▶ **WHAT TO WORK ON**: Give the data below again exactly, and drop each picture from it.

▶ **GIVEN DATA**:
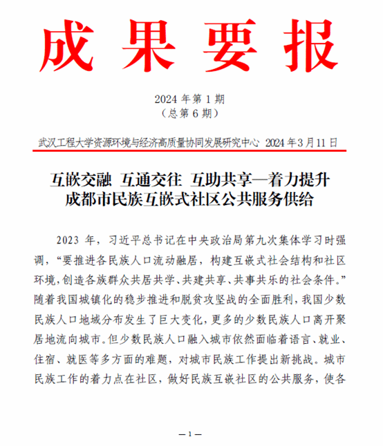 资源环境与经济高质量协同发展研究中心成果被成都市民族宗教事务局采纳
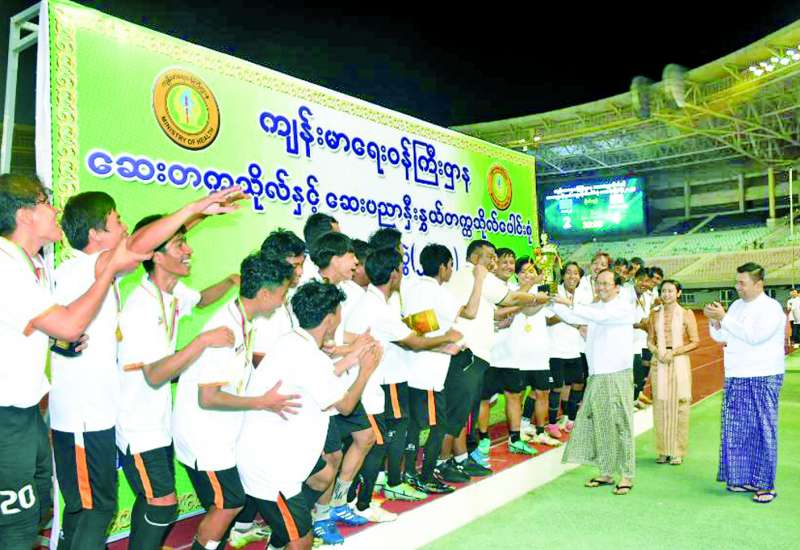 ကျန်းမာရေးဝန်ကြီးဌာန ဆေးတက္ကသိုလ်နှင့် ဆေးပညာနှီးနွှယ် တက္ကသိုလ်ပေါင်းစုံဘောလုံးပြိုင်ပွဲ (၂၀၂၄) ဗိုလ်လုပွဲနှင့် ဆုချီးမြှင့်ပွဲအခမ်းအနားကို ယနေ့မွန်းလွဲပိုင်းတွင် နေပြည်တော်ရှိ ဝဏ္ဏသိဒ္ဓိအားကစားကွင်း၌ကျင်းပသည်။
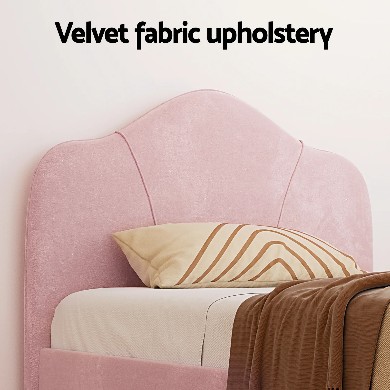 This Artiss King Single Bed Frame features velvet upholstery, storage space, and a plush headboard. Includes a white bedside table with textured E1 MDF shelves (10kg per shelf). Sturdy wooden/metal construction supports 180kg. Easy assembly. Fits standard King Single mattresses (107x203cm). Dimensions: bed 214x118x123cm, table 40x31x55cm.
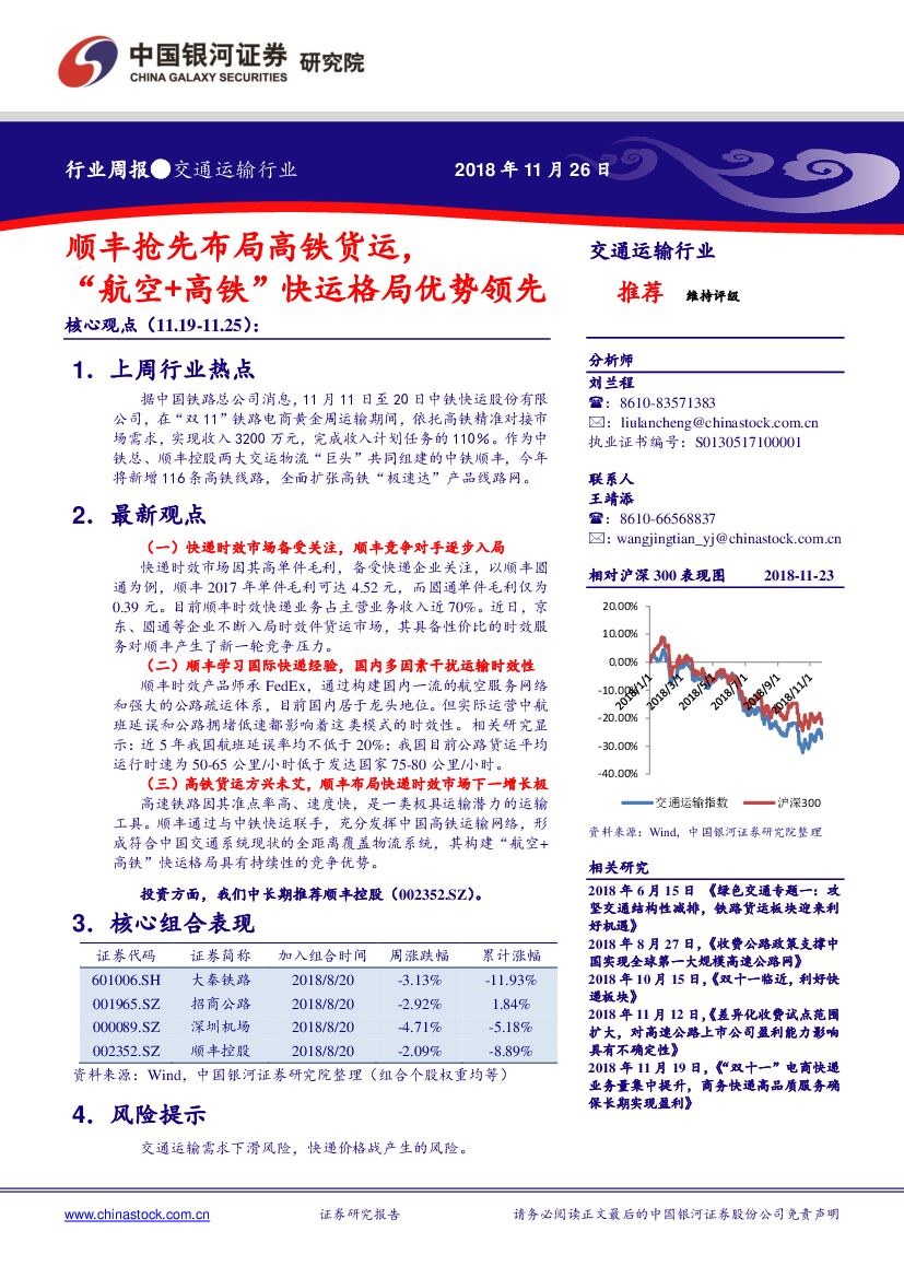中国银河:交通运输行业周报:顺丰抢先布局高铁货运,“航空+高铁”快运格局优势领先.pdf

▶ **RESPONSE BOX**:
 资源环境与经济高质量协同发展研究中心成果被成都市民族宗教事务局采纳
 ကျန်းမာရေးဝန်ကြီးဌာန ဆေးတက္ကသိုလ်နှင့် ဆေးပညာနှီးနွှယ် တက္ကသိုလ်ပေါင်းစုံဘောလုံးပြိုင်ပွဲ (၂၀၂၄) ဗိုလ်လုပွဲနှင့် ဆုချီးမြှင့်ပွဲအခမ်းအနားကို ယနေ့မွန်းလွဲပိုင်းတွင် နေပြည်တော်ရှိ ဝဏ္ဏသိဒ္ဓိအားကစားကွင်း၌ကျင်းပသည်။
 This Artiss King Single Bed Frame features velvet upholstery, storage space, and a plush headboard. Includes a white bedside table with textured E1 MDF shelves (10kg per shelf). Sturdy wooden/metal construction supports 180kg. Easy assembly. Fits standard King Single mattresses (107x203cm). Dimensions: bed 214x118x123cm, table 40x31x55cm.
中国银河:交通运输行业周报:顺丰抢先布局高铁货运,“航空+高铁”快运格局优势领先.pdf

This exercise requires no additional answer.